33. […] the Genocide Convention does not require that the intent to destroy a group (in whole or in part) be the sole or primary purpose of the perpetrator. Genocide’s special intent must be distinguished from the reasons or motivations which may have caused the accused to act. Indeed, members of a protected group could be targeted for their nationality, ethnicity, race, and/or religion, in addition to other reasons. Therefore, evidence of further motives —personal, political, or linked to military advantage— will not preclude a finding of genocide if such special intent is otherwise established. 

Similarly, Belize affirmed that: 

58. There is no requirement that the State or individual act exclusively with genocidal intent. It is the case that “genocidal intent may exist simultaneously with other, ulterior motives”, such as achieving military objectives, including defeating the enemy in the context of an armed conflict”. 

While not all the above submissions clearly distinguish between the substantive definition of genocide and the evidentiary standard to prove genocidal intent, they reflect a shared understanding: (i) genocidal intent may coexist with other motives or goals; and (ii) the “only reasonable inference” standard does not require genocidal intent to be the sole intent. Rather, the only reasonable inference to be drawn from a pattern of conduct must be that genocidal intent exists, including alongside other intents or goals.

Concluding Observations 

The genocides alleged in both The Gambia v. Myanmar and South Africa v. Israel have taken place in the context of ongoing armed conflicts, with one of the states accused of genocide (Israel) arguing that the commission of underlying acts of genocide against the protected group is an inevitable consequence of modern warfare, rather than the state’s intent to destroy that group as such. In oral hearings before the ICJ, Israel has indeed argued that “[t]he inevitable fatalities and human suffering of any conflict is not of itself a ‘pattern of conduct’ that plausibly shows genocidal intent” (p. 57, para. 11). 

However, as Judge Cançado Trindade cautioned in his dissenting opinion in Croatia v. Serbia, “perpetrators of genocide will almost always allege that they were in an armed conflict, and that their actions were taken ‘pursuant to an ongoing military conflict’” (para. 144; see also UN Special Rapporteur OPT, paras. 55 ff). William Schabas has also recalled that “[g]oing back to the Ottoman genocide of the Armenians in the First World War or to the Nazi genocide of the Jews in the Second World War, both of these, and others, were carried out in the context of a war,” adding that “almost every recognized case of genocide involved perpetrators who claimed to be fighting in self-defence”. 

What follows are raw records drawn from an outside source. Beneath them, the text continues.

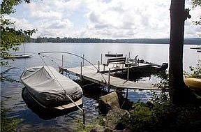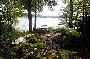 MOOSE POND WATERFRONT HOME W/3 BR,2BATH,2C GAR. 112' OF PRIME LAKEFRONT AND ALSO DEEDED ACCESS TO A HUGE SANDY BEACH JUST A SHORT WALK AWAY, SHAWNEE PEAK SKI LODGE ACROSS MOUTAIN. LOCATION,LOCATION,
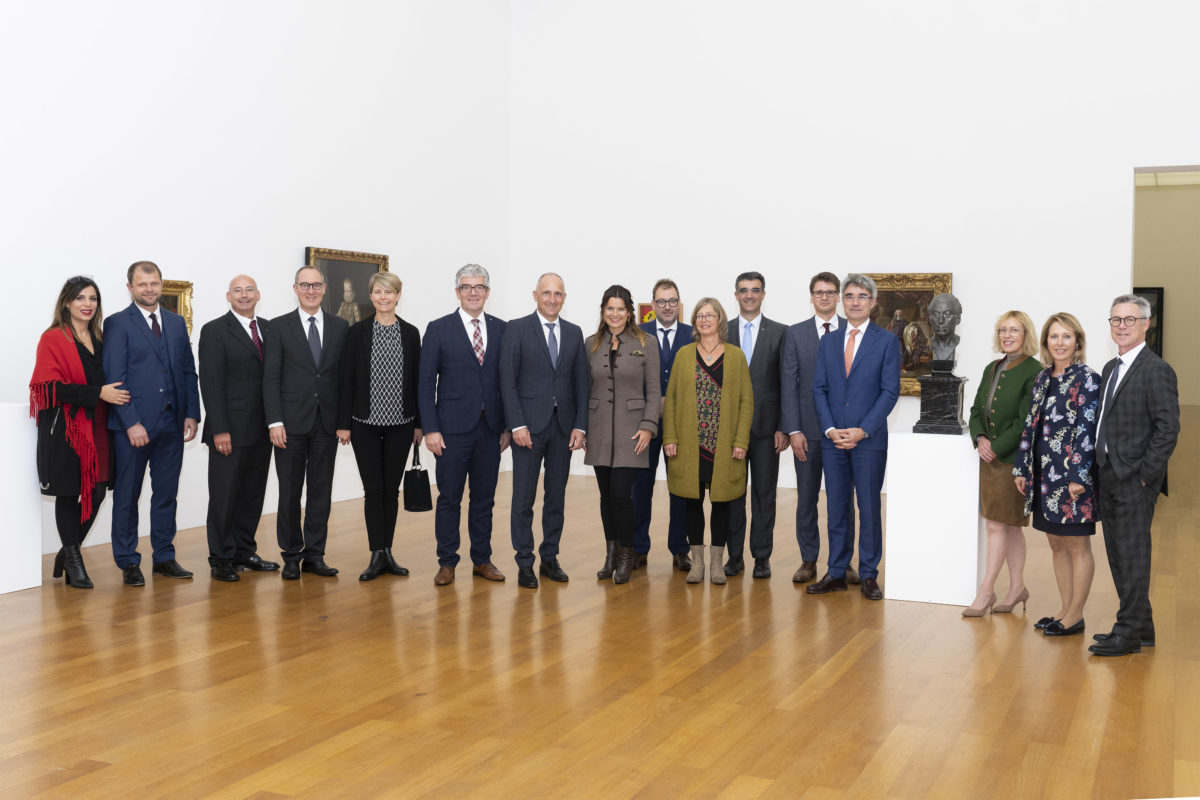 Nach der offiziellen Begrüssung wurden die Gäste anhand der Bilder im Fürst Johannes Saal in die Landesgeschichte eingeführt. Anschliessend erfolgte ein Besuch der Ausstellung „Liechtenstein. Von der Zukunft der Vergangenheit“ im Kunstmuseum Liechtenstein. Museumsdirektor Friedemann Malsch stellte der Delegation den Gedanken hinter der Ausstellung vor. Ganz im Sinne des 300-Jahr-Jubiläums symbolisiert sie mit Kunstwerken aus vier Sammlungen und sechs Jahrhunderten den fruchtbaren Austausch zwischen Vergangenheit und Gegenwart.
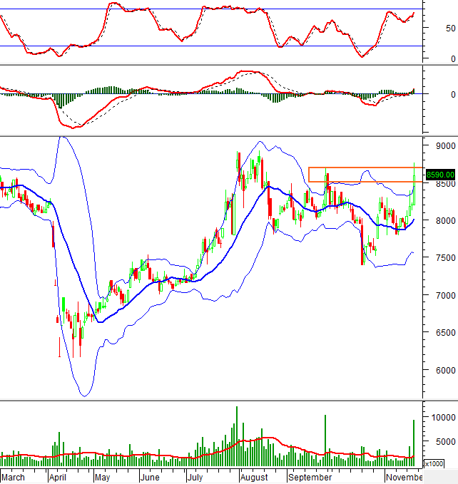 Hiện tại, giá của AAA đang kiểm tra lại đỉnh cũ tháng 9/2025 (tương đương vùng 8,500-8,700) trong khi chỉ báo MACD tiếp tục tạo các đỉnh và đáy mới cao hơn (Higher High, Higher Low) cho tín hiệu mua. Nếu các tín hiệu kỹ thuật tiếp tục tích cực thì đà tăng ngắn hạn sẽ được ủng hộ thêm.
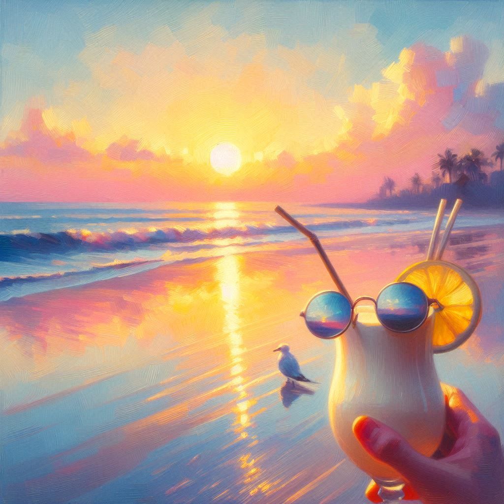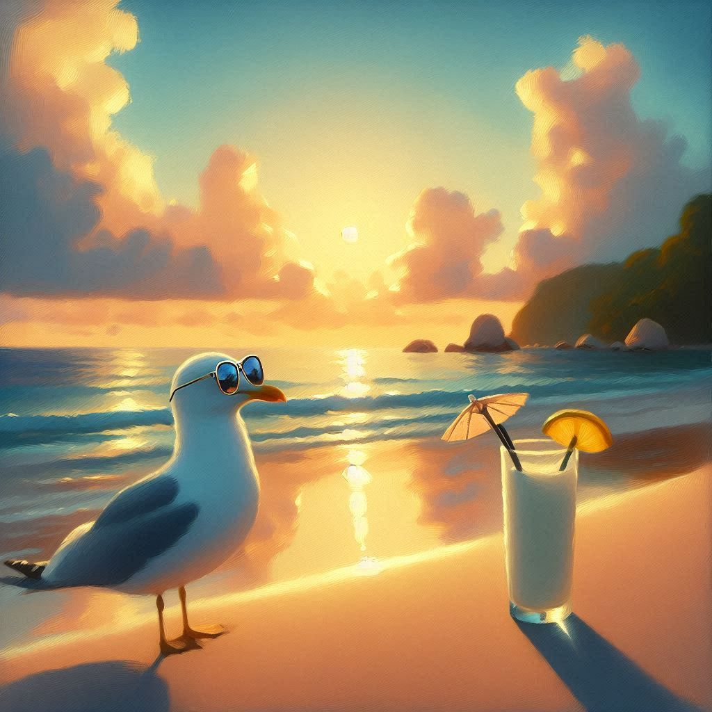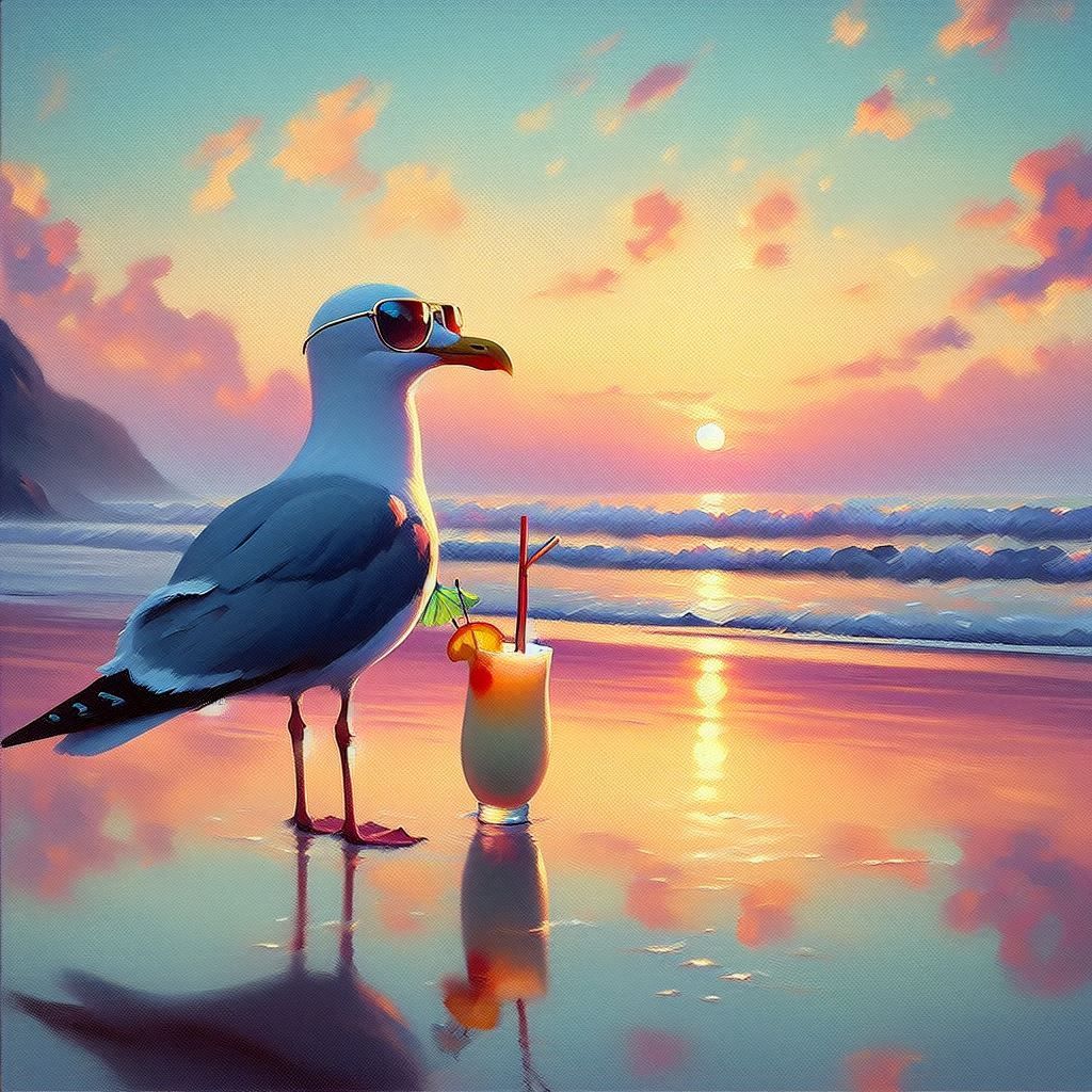 - Now add a quirky element: a seagull wearing sunglasses, sipping a piña colada. 🏖️🕶️🍹
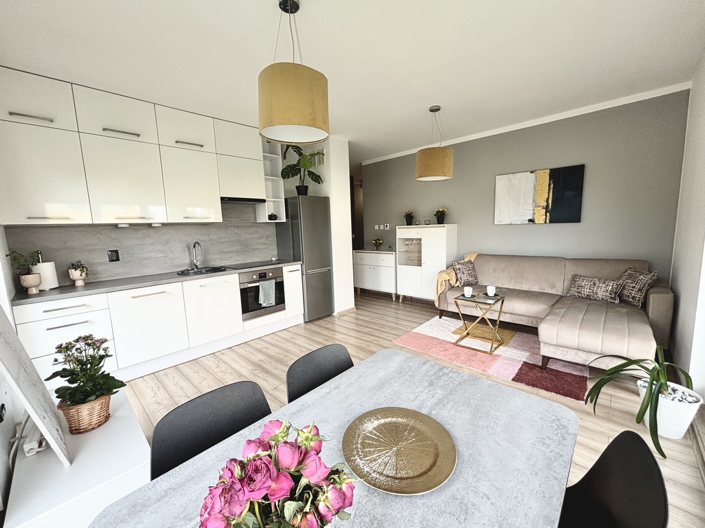 - Salon z aneksem kuchennym (wyposażonym we wszystkie niezbędne sprzęty AGD) i bezpośrednim wyjściem do ogrodu, którego niejeden Ci pozazdrości!
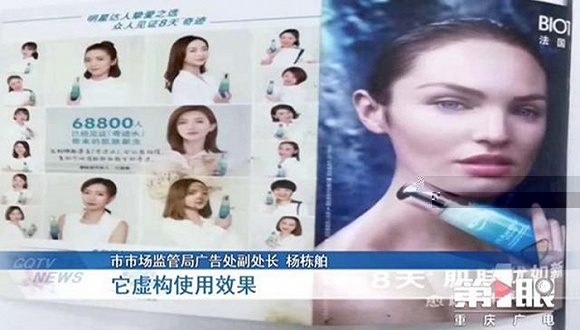 2019年11月25日,重庆市市场监督管理局公布了十大虚假违法广告典型,其中欧莱雅也在其中。通告称,欧莱雅(中国)有限公司在重庆某百货有限公司“欧莱雅”专柜发布印刷品广告,其内容含有:“法国碧欧泉8天肌肤犹如新生、明星达人挚爱之选、众人⻅证8天奇迹、肌肤问题一并解决68800人,已经⻅证奇迹水带来的肌肤新生......”等用语。
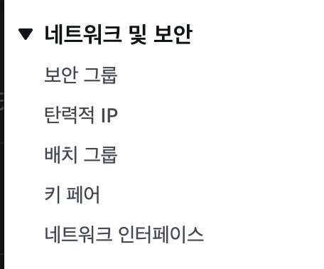 왼쪽 카테고리에 네트워크 및 보안을 클릭하여 보안 그룹을 들어가자.
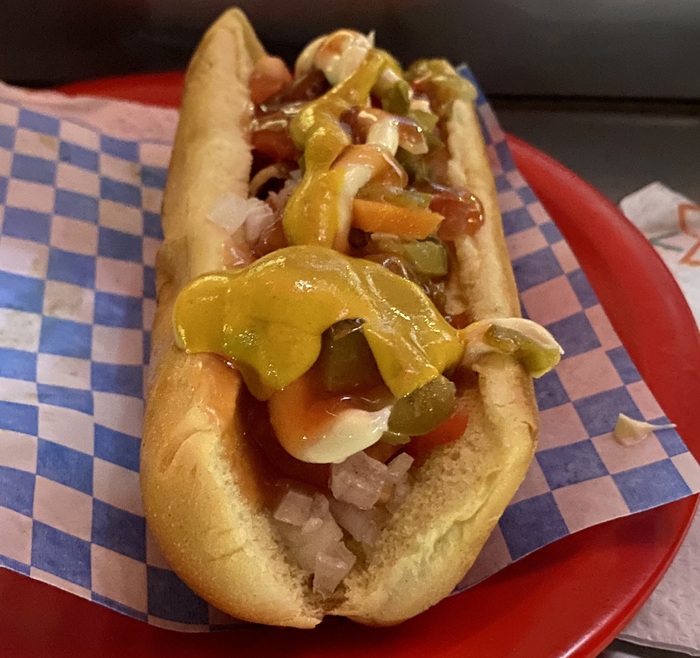 Обычно такие прицепы притараканивают с помощью авто, или просто откатывают куда-то в сторону, где цепями приматывают к какой-нибудь нерушимой хуиболе стационарной конструкции, чтобы никто не скоммуниздил честно нажитое имущество. Вопреки моим предположениям, что питаются в этих генераторах диареи передвижных кибитках исключительно студенты и нищеброды, сколько бы раз я не подходил, чаще всего встречал в очереди людей приличного достатка, о чём смело можно было судить по машинам, из которых они подходили к точке фастфуда. А вот так выглядит хотдожная, где можно выбрать 7 вариаций сосисок (попробовал все, все были вкусны и различались заметно) и кучу топпингов, стоимость ход дога от 30 до 55 песо.
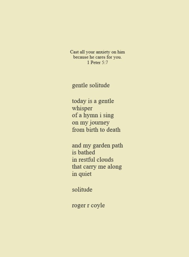 Some call me son, brother, godfather, cousin, uncle, writer, author, veteran, and friend. That may be true, but mostly I am me - a unique human being who has run the race of life through many different forests, down many roaring rivers and along some tangled paths. All in all it has been a good journey of growth and expansion of self. I am a lover of family, animals, food, laughs, poetry, books, compassionate people and chasing the light. My first journey into writing is Quiet Thoughts: Written Reflections. It is a book of poems and reflections - a small flicker of light into my life journey. I currently reside in Emmaus, PA and enjoy all that the Lehigh Valley has to offer. View all posts by rogerrcoyle
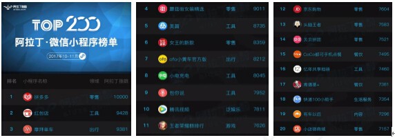 在阿拉丁公布的 10 月- 11 月小程序TOP200 榜單中,快遞 100 小助手已經(jīng)進(jìn)入TOP20,排名第 18 位。
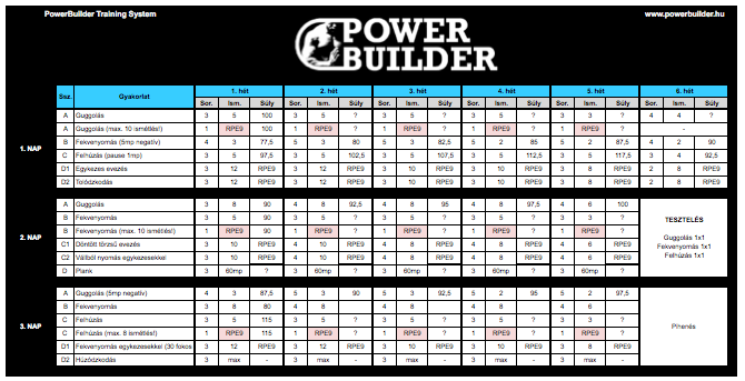 A program célja az erőemelő fogásnemekben (guggolás, fekvenyomás, felhúzás) való erősödés, ezek technikájának fejlesztése és egy kiegyensúlyozott fizikum építése.
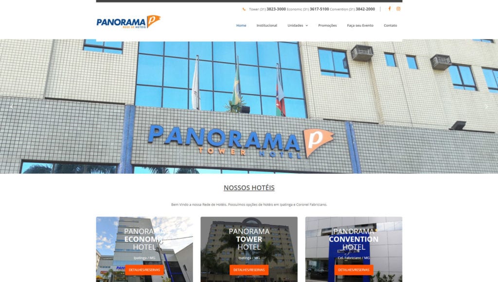 Criação do site PANORAMA REDE DE HOTÉIS Linguagem de desenvolvimento do website: WORDPRESS/PHP/HTML/CSS 3. criação de sites bh criação de websites Website PANORAMA REDE DE HOTÉIS
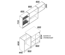 Рекомендуется установка накладной мойки шириной 600 мм (в комплект не входит).
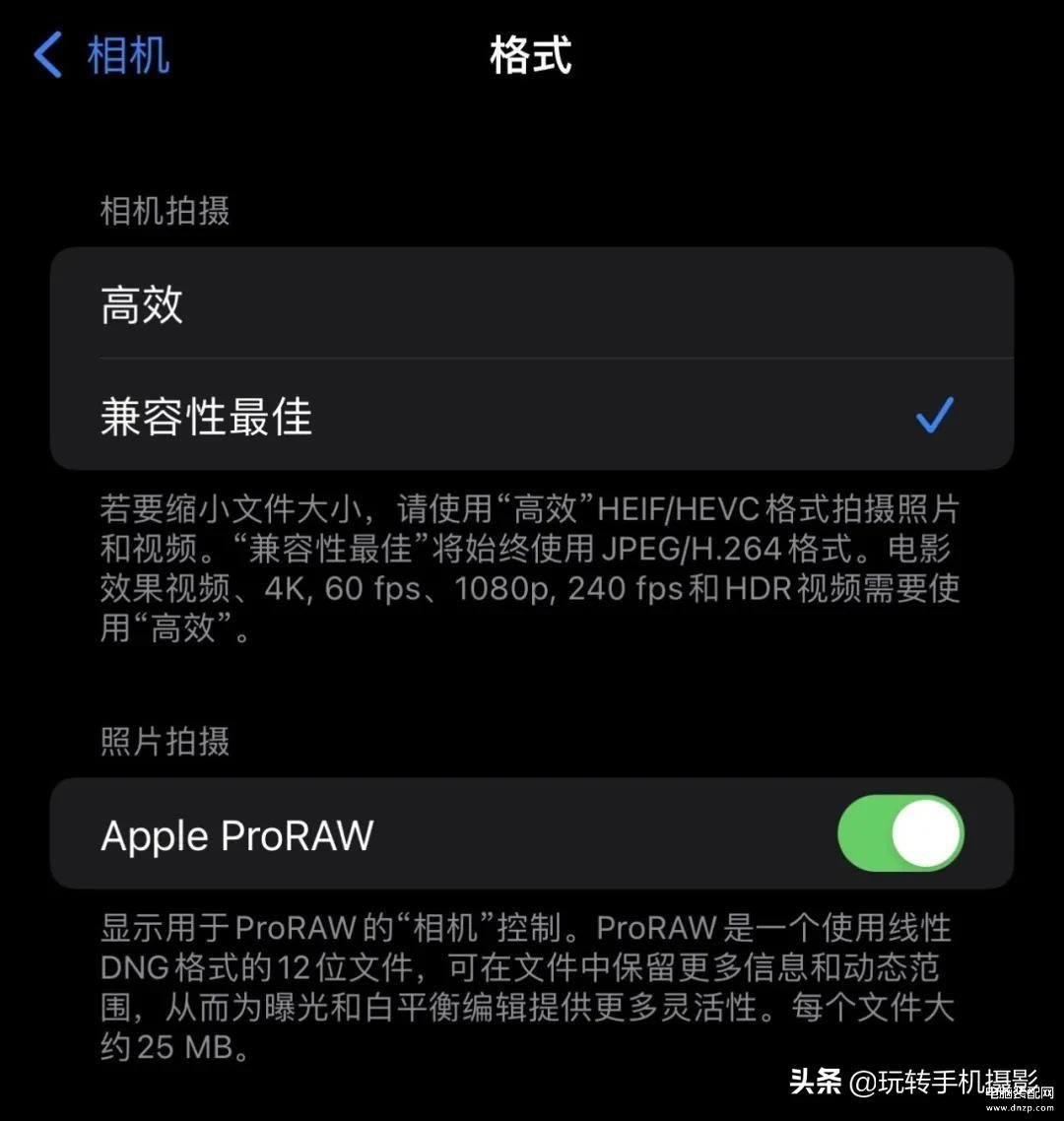 iPhone提供两种媒体存储格式,iPhone 12/13 Pro系列则多了一个Apple ProRAW。

It is clear from the very letter of Article I of the Genocide Convention that the mere characterization of a situation as one of armed conflict cannot preclude the possibility of genocide. The interventions by states discussed above also reveal a shared normative conviction that the intent to destroy a group as such cannot, and should not, be allowed to be excused or obscured by the “fog of war”. Should the ICJ’s “only reasonable inference” standard be interpreted as precluding the co-existence of genocidal intent with military goals, it will effectively be doing just that – foreclosing possibilities for justice and accountability when states pursue the destruction of a protected group alongside or as a means to fulfil their military goals. As Amnesty International’s report concludes, “it is critical to recognize genocide when it occurs in the context of armed conflict, and to insist that war can never excuse it” (p. 36).